Have you ever developed elevation-storage relationships for water reservoirs? Did you find it to be a manual and tedious process? Historically, this is not an unusual experience, especially if you needed to assess those relationships over multiple sites while maintaining a reasonably high degree of accuracy with your results. A fast and automated solution to this problem is now available with the introduction of the Storage Capacity tool to the Spatial Analyst Supplemental Toolbox. With this tool, it is possible to obtain tailored elevation-storage relationships for your reservoir of choice. Read on for more details on the capabilities this tool has to offer!
Background
One of the most fundamental physical characteristics of a reservoir is its elevation-storage curve.
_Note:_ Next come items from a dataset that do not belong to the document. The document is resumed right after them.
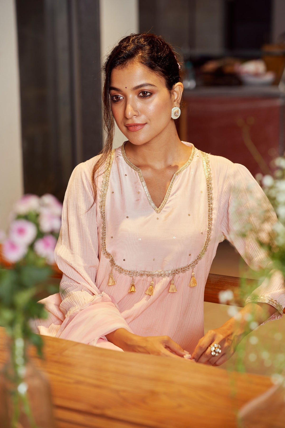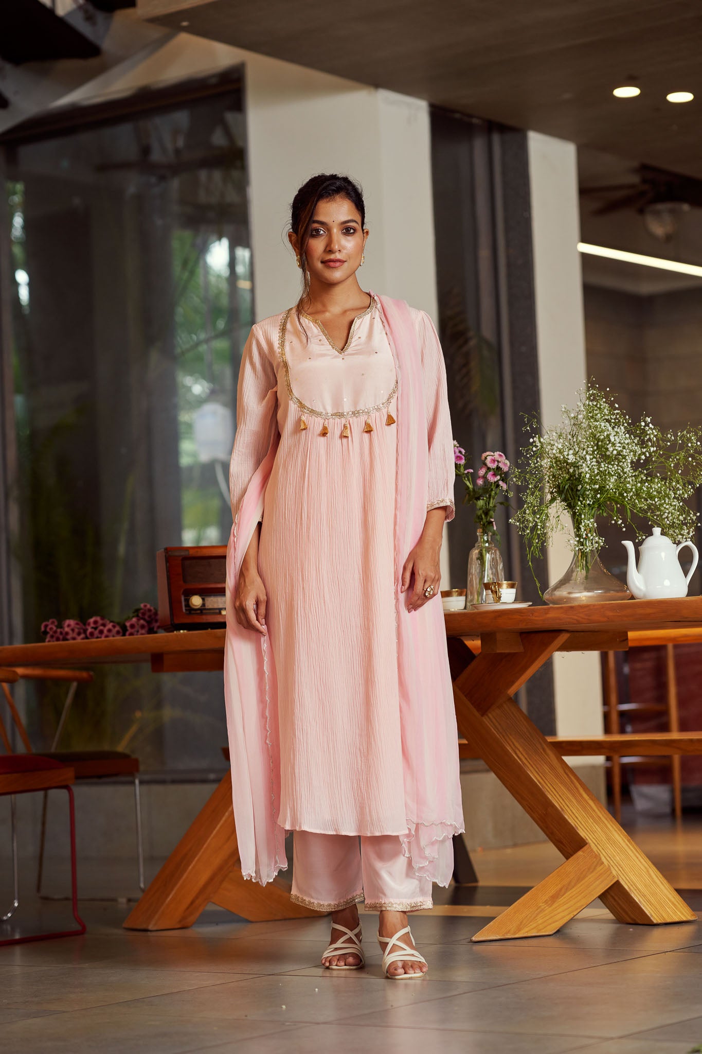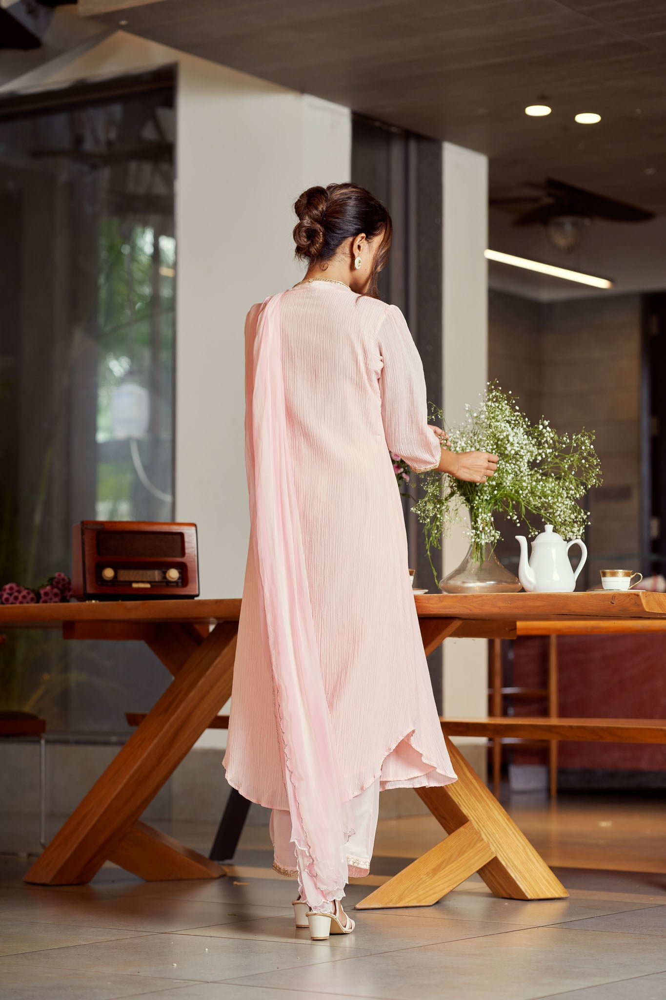 Blush Pink Mul Chanderi Festive Dupatta Set
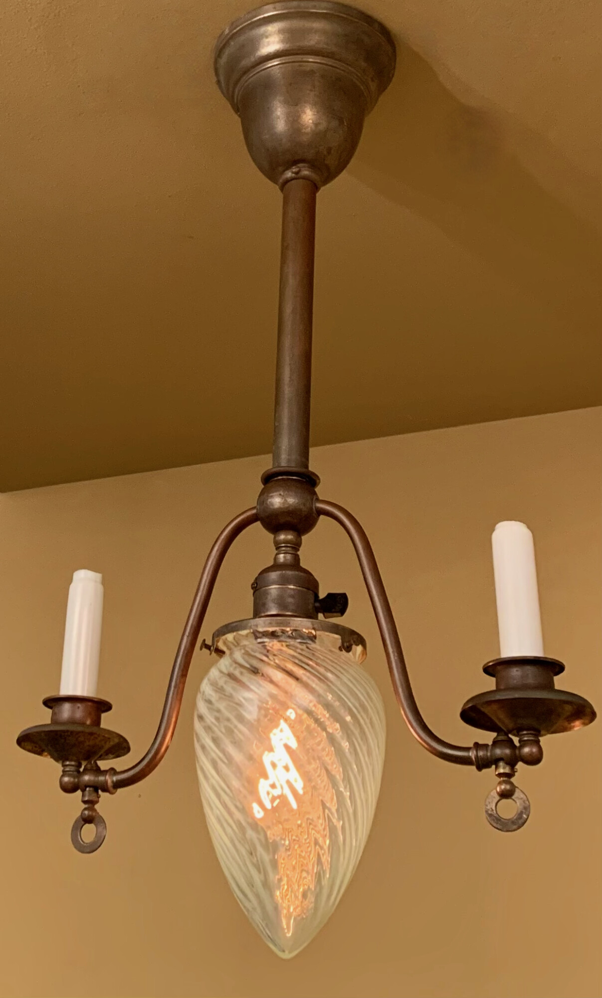 That is a nice fixture. I thought of you recently when we spent a night in the Vrooman Mansion B & B in Bloomington, IL. A nice old Italianate pile. The last owner passed away with most of the furnishings left in the house, so a lot of the original fabric of the place is intact. But, the reason you might be interested is that almost all of it’s gas/electric fixtures are still in the house! Wall sconces, ceiling pieces, all there! One additional cool thing is that they have the trunk/luggage lift still operational in the service area. Very fun!
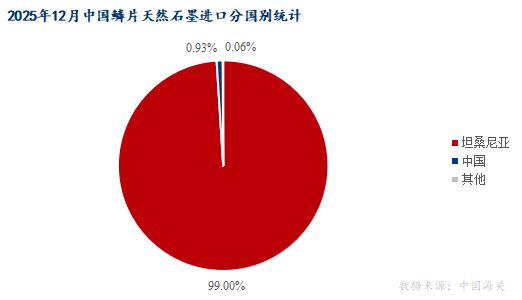 2025年12月天然鱗片石墨進(jìn)口的2608.911噸,從坦桑尼亞進(jìn)口量最大,占比為99.00%,從中國(guó)進(jìn)口量占比為0.93%,其他貿(mào)易伙伴進(jìn)口總量為0.06噸,總占比不足1%。
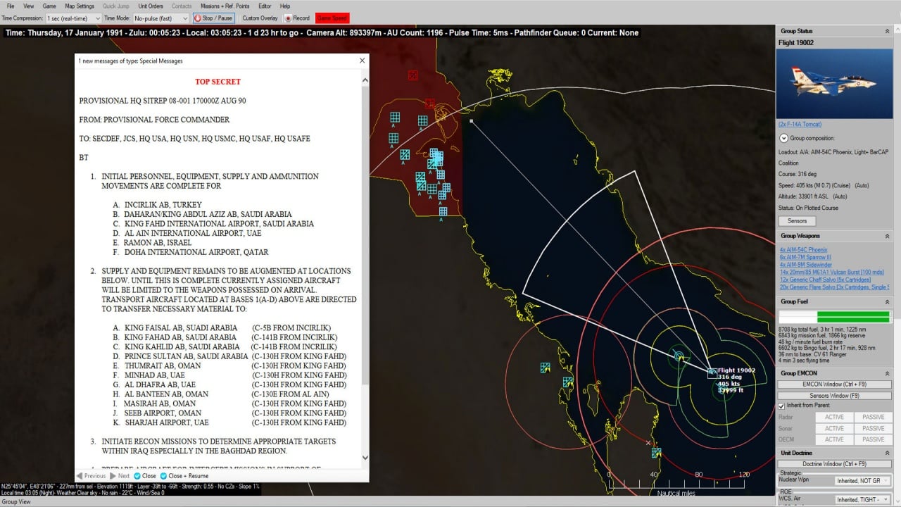 После загрузки перед геймером раскрывается карта Земли с четким отображением государственных границ, техники, её количества и статуса, а также сведений о текущих операциях. Управление последними осуществляется в отдельном окне, где можно оценить время, необходимое для подготовки и выполнения заданий. Пользователь сам выбирает, какую технику отправить в путь. Арсенал впечатляет: самолеты-невидимки, боевые вертолеты, бомбардировщики, самонаводящиеся боеголовки, авианосцы и множество других систем. Кликнув на иконку, можно проанализировать полученный урон и текущее состояние техники. В Command: Desert Storm можно сражаться как в одиночку, так и с друзьями, выбирая разные стороны конфликта.
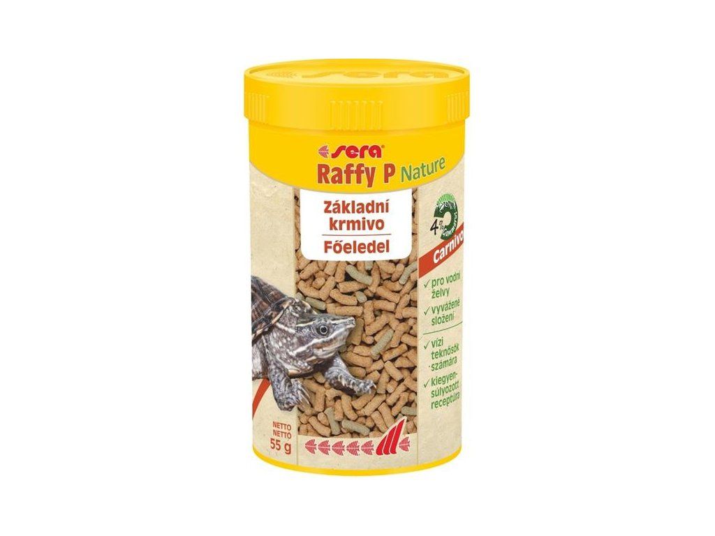 Sera Raffy P Nature jsou chutné plovoucí krmné tyčinky pro denní krmení vodních želv obsahují směs vodních a rostlinných složek. Proto jsou ideální i pro starší vodní želvy, které dávají ve své výživě přednost rostlinným složkám.
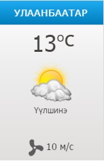 УЛААНБААТАР ХОТ: Үүл багасна. Бороо орохгүй. Салхи баруун хойноос секундэд 6-11 метр. Сэрүүсч 12-14 градус дулаан байна.
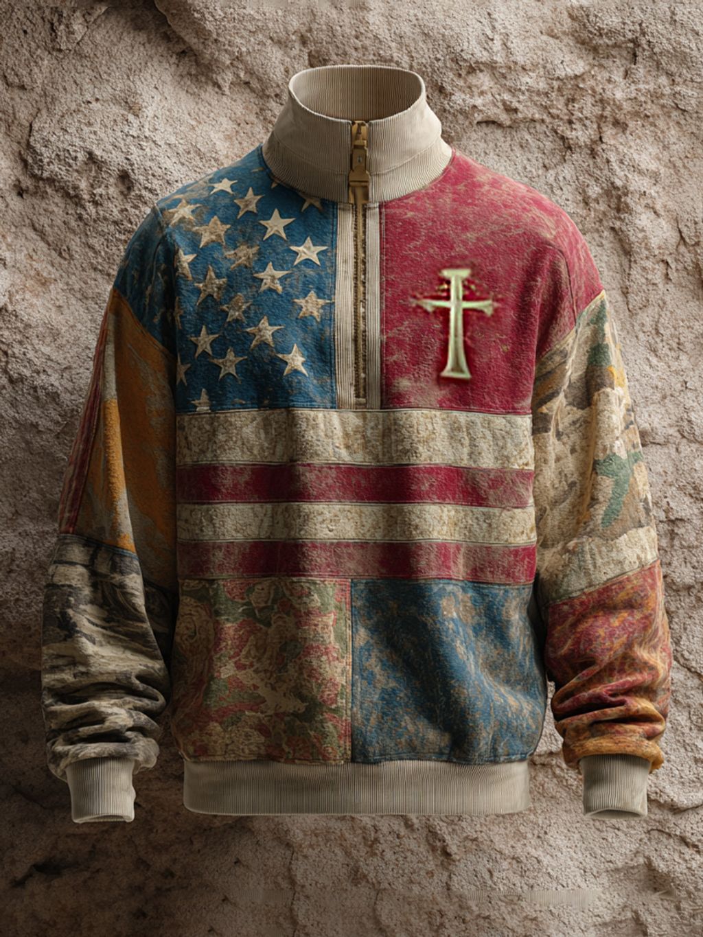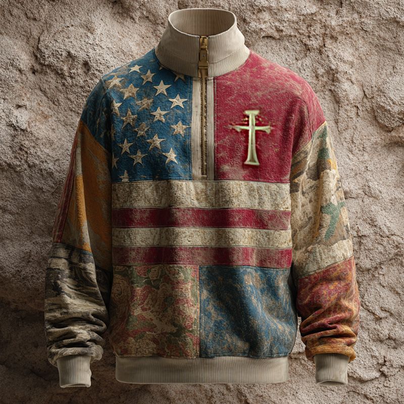Vintage American Flag Faith Art Print Casual Zip-Up Sweatshirt

These curves find use in flood routing, which is the process of determining the timing and shape of a flood wave at successive locations along a river. As a flood wave propagates through a reservoir, its peak discharge is delayed and weakened. This weakening of the flood wave can be predicted, for varying storm intensities, by using an elevation-storage curve. Principal users of this technique are often interested in forecasting river water levels, determining effects of flood control projects, and scheduling hydroelectric operations according to predicted progress of a flood wave.
What does the tool do?
In order to understand what this tool does, let’s look at an example. I will use the Cub River Watershed draining to USGS streamflow gauge #100096000 located north of Preston, Idaho. The map below displays the study area for this site.

There are three inputs that can be provided to this tool:
- An elevation model of a reservoir for which you wish to obtain an elevation-storage relationship.
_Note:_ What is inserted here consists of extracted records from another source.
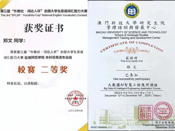 “博观而约取,厚积而薄发。”在法治信仰的引领下,郑文同学将专业学习视为立身之本。她深耕法学经典,探析法理精髓,以系统化的知识构建与创新性的学术思维,在多学期奖学金评选中屡创佳绩,多次获得专业奖学金,实现了学业成绩的跨越式突破。课堂上,她常以“为什么”叩问法理真谛;图书馆里孜孜以求构筑知识体系。在英语词汇大赛等跨学科竞赛中的卓越表现,更展现了其博采众长的学术视野。正是这份“板凳甘坐十年冷”的定力与“吾将上下而求索”的执着,让她在法学的星空中找到了属于自己的璀璨坐标。
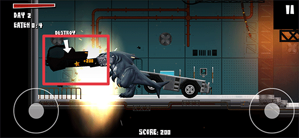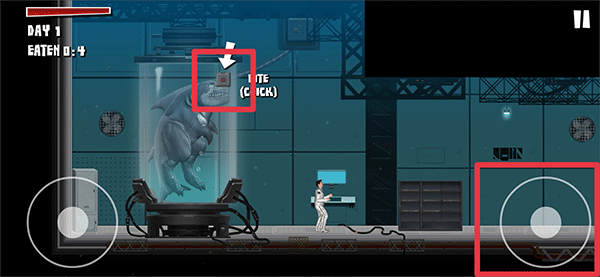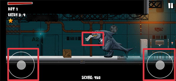 3、左边按钮上滑为跳跃、下滑为蹲下,然后通过左边按钮左右滑动控制鲨鱼前进,并点击右边按钮吃掉途中出现的人类。
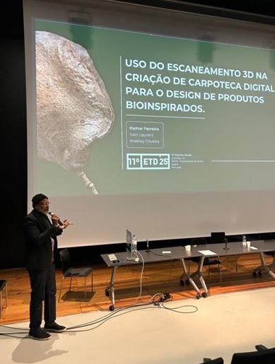 Além disso, participou do 11° Ergotrip Design, onde apresentou seus 3 artigos intitulados: “Brinquedo de balanço bioinspirado na forma do fruto do Pé-de-Pereiro“; “Uso do escaneamento 3D na criação de carpoteca digital para o design digital de produtos bioinspirados” e “Design e manufatura aditiva“.
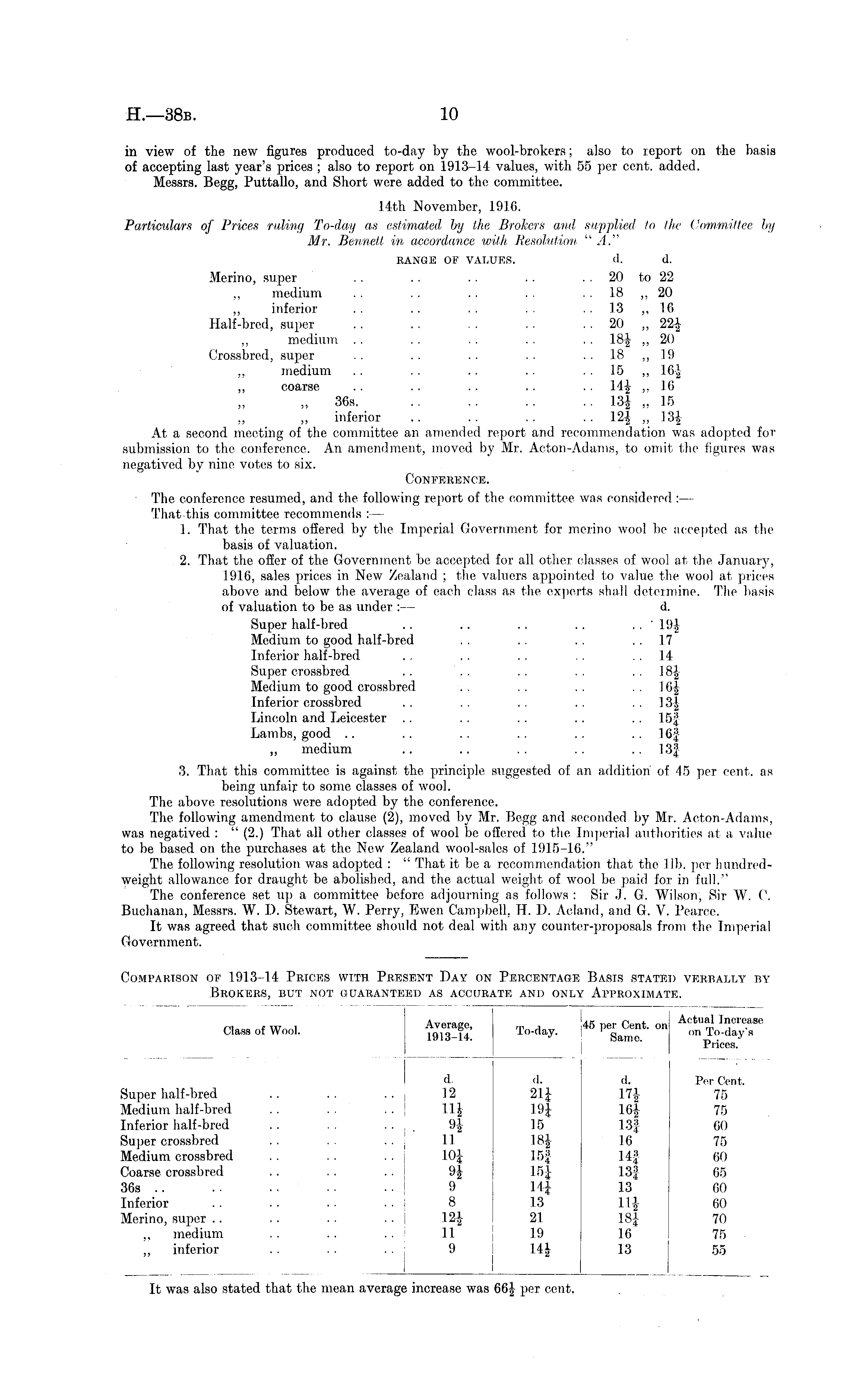 in view of the new figures produced to-day by the wool-brokers; also to icport on the basis of accepting last year's prices ; also to report on 1913-14 values, with 55 per cent, added. Messrs. Begg, Puttallo, and Short were added to the committee. 14th November, 1916. Particulars of Prices ruling To-day as estimated by the Brokers and supplied to the Committee by Mr. Bennett in accordance with Resolution " A." RANGE OF VALUES. d. d. Merino, super .. . . . . . . .. 20 to 22 ~ medium . . . . . . . . .18 ~ 20 ~ inferior . . .. 13 „ 16 Half-bred, super .. .. . . .. .. 20 „ 22} medium . . . . . . . . . . 18} „ 20 Crossbred, super .. .. .. .. .. 18 ~ 19 ~ medium . . . . . . 15 ~ 16} ~ coarse . . . . . . . . . . 14} ~ 16 „ 365. i .. 13} „15 ~ ~ inferior .. .. .. .. 12} ~ 13} At a second meeting of the committee an amended report and recommendation was adopted for submission to the conference. An amendment, moved by Mr. Acton-Adams, to omit the figures was negatived by nine votes to six. Conference. The conference resumed, and the following report of the committee was considered : — That this committee recommends :— 1. That the terms offered by the Imperial Government for merino wool he accepted as the basis of valuation. 2. That the offer of the Government be accepted for all other classes of wool at the January, 1916, sales prices in New Zealand ; the valuers appointed to value the wool at prices above and below the average of each class as the experts shall determine. The basis of valuation to be as under : — d. Super half-bred .. .. . . . . . . ' 19} Medium to good half-bred .. .. .. ..17 Inferior half-bred . , . . . . . . 14 Super crossbred .. '.. .. .. ..18} Medium to good crossbred .. .. .. ..16} Inferior crossbred .. . . . . . . ..13} Lincoln and Leicester .. . . . . . . ..152 Lambs, good . . .. .. . . . . . . IC| ~ medium .. .. . . . . 13$ 3. That this committee is against the principle suggested of an addition of 45 per cent, as being unfair to some classes of wool. The above resolutions were adopted by the conference. The following amendment to clause (2), moved by Mr. Begg and seconded by Mr. Acton-Adams, was negatived : " (2.) That all other classes of wool be offered to the Imperial authorities at a value to be based on the purchases at the New Zealand wool-sales of 1915-16." The following resolution was adopted : " That it be a recommendation that the lib. per hundredweight allowance for draught be abolished, and the actual weight of wool be paid for in full." The conference set up a committee before adjourning as follows : Sir J. G. Wilson, Sir W. C Buchanan, Messrs. W. D. Stewart, W. Perry, Ewen Campbell, 11. 1). Acland, and G. V. Pearce. It was agreed that such committee should not deal with any counter-proposals from the Imperial Government.

- A polygon of a specific reservoir or watershed, if you wish to narrow down the analysis domain instead of analyzing over the entire extent of the elevation model.
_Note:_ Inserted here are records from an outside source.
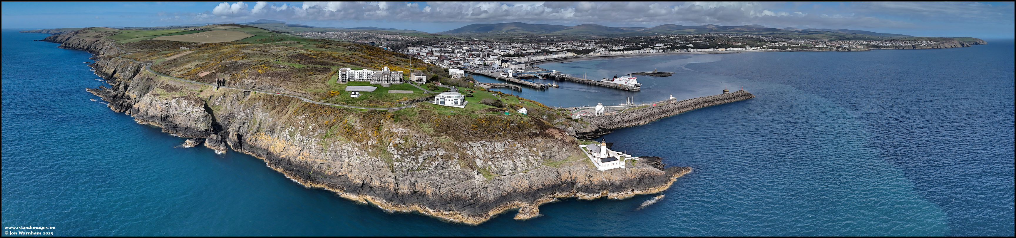 A stitched panorama at Douglas Head, centred on the apartments and open air theatre.
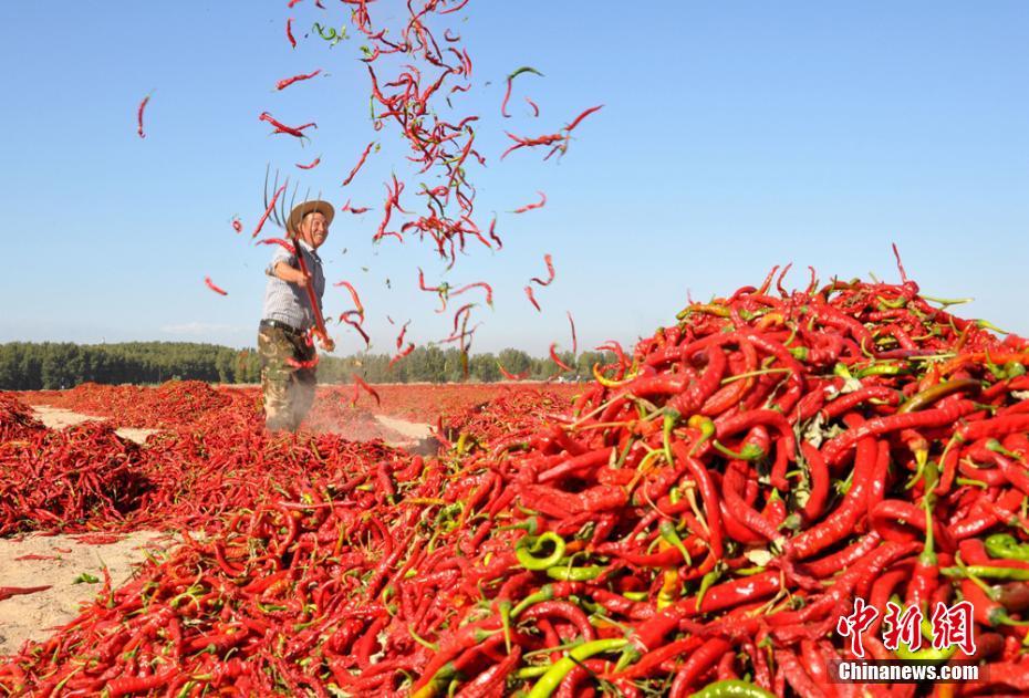 •    9月20日,甘肅張掖市高臺縣合黎鎮(zhèn)八壩村村民在晾曬辣椒。高臺縣地處河西走廊中部,由于光照充足,沙性土壤等自然條件,產(chǎn)出的辣椒口感佳、天然色素高。時下,該縣種植的9689畝辣椒迎來豐收季,年產(chǎn)鮮紅辣椒約2萬噸,帶動當(dāng)?shù)剞r(nóng)民實現(xiàn)增收。張淵 攝
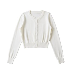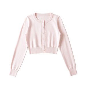 圆领长袖针织开衫女春秋设计感毛织外套气质收腰短款上衣2025新款

- The range and interval of elevation values to use for storage calculations. Optionally, you would set an appropriate Z factor if the elevation model’s vertical z-units are different from ground x-, y-units.

Based on your choice on minimum, maximum and incremental elevation, the tool computes the cumulative volume and surface area below an elevation for a given set of elevation values. The results of this computation are stored as a table. The table created for this example is shown below.

The elevation-storage relationships in this table can be plotted to obtain storage capacity curves, as shown below.
This tool can also generate a PDF report containing a map of the study area and the resulting elevation-storage relationships in both graphical and tabular form.
What is in the report?
The report includes:
- Dataset names and file paths
- Maximum, minimum and incremental elevations
- A map of the study area
- Elevation-storage curves
- Elevation-storage table
A scaled down version of the report is shown here.
Downloading and installing
Once you’ve downloaded and installed the updated Spatial Analyst Supplemental tools, give this tool a try on a watershed of your choice.
Note that this tool is geared for ArcGIS version 10.4 and beyond.